The pattern that is stored is mirrored both horizontally and vertically.
Example for 'F':
##### ....# 00001 1 '1'
#.... ....# 00001 1 '1'
####. --> .#### --> 01111 --> 15 --> 'f' --> '11f1v'
#.... ....# 00001 1 '1'
#.... ##### 11111 31 'v'
The whole font is stored as a single string of \$26\times5 = 130\$ characters.

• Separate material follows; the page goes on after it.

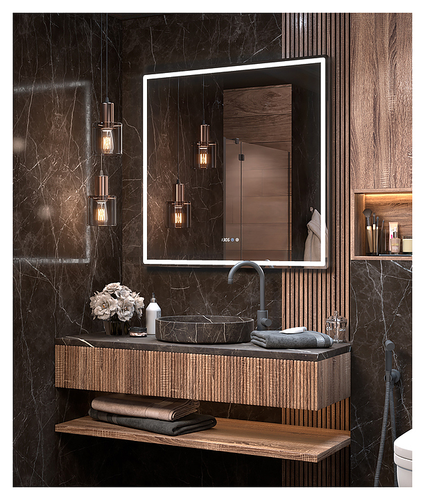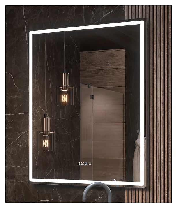 Зеркало VIGO Roberta Luxe выполнено в современном стиле и отлично дополнит интерьер любой ванной комнаты. Благодаря подвесной конструкции модель не занимает много места, что позволяет экономить пространство в ванной комнате. Зеркало оснащено LED-подсветкой, сенсорным управлением, встроенными часами и функцией антизапотевания с таймером отключения. Корпус выполнен из прочного ABS-пластика, за счет уникальной технологии производства изделие не подвержено ржавлению амальгамы, дымчатости и ухудшению отражающей способности в помещениях с высокой влажностью. Дополнительные характеристики:

To test the 'pixel' at \$(x,y)\$ for the \$n^{\text{th}}\$ letter, we do:
parseInt('hhvhefhfh...'[y + 5 * n], 36) >> x & 1
Main algorithm
Given \$n\$, we define \$w=5^n\$, which is the width of the final output.
For \$0\le x<w\$ and \$0\le y<w\$, we want to know if the output pixel at \$(x,y)\$ is set or not. We use the recursive function \$h\$, which tests the letter pixel located at:
$$\left(\left\lfloor\frac{x}{5^k}\right\rfloor\bmod 5,\left\lfloor\frac{y}{5^k}\right\rfloor\bmod 5\right)$$
for all \$k\$ in \$[0 \dots n-1]\$.
The function returns a space as soon as a blank pixel is detected at some depth, or the character corresponding to the input letter if all iterations are successful.
R, 348 bytes
function(K,N){if(N)for(i in 1:N)T=T%x%matrix(c(15269425,32045630,16269839,32032318,33061407,33061392,15224366,18415153,32641183,1082926,18444881,17318431,18732593,18667121,15255086,32045584,15255151,32045649,16267326,32641156,18400814,18400580,18400938,18157905,18157700,32575775)[utf8ToInt(K)-64]%/%2^(24:0)%%2,5,5)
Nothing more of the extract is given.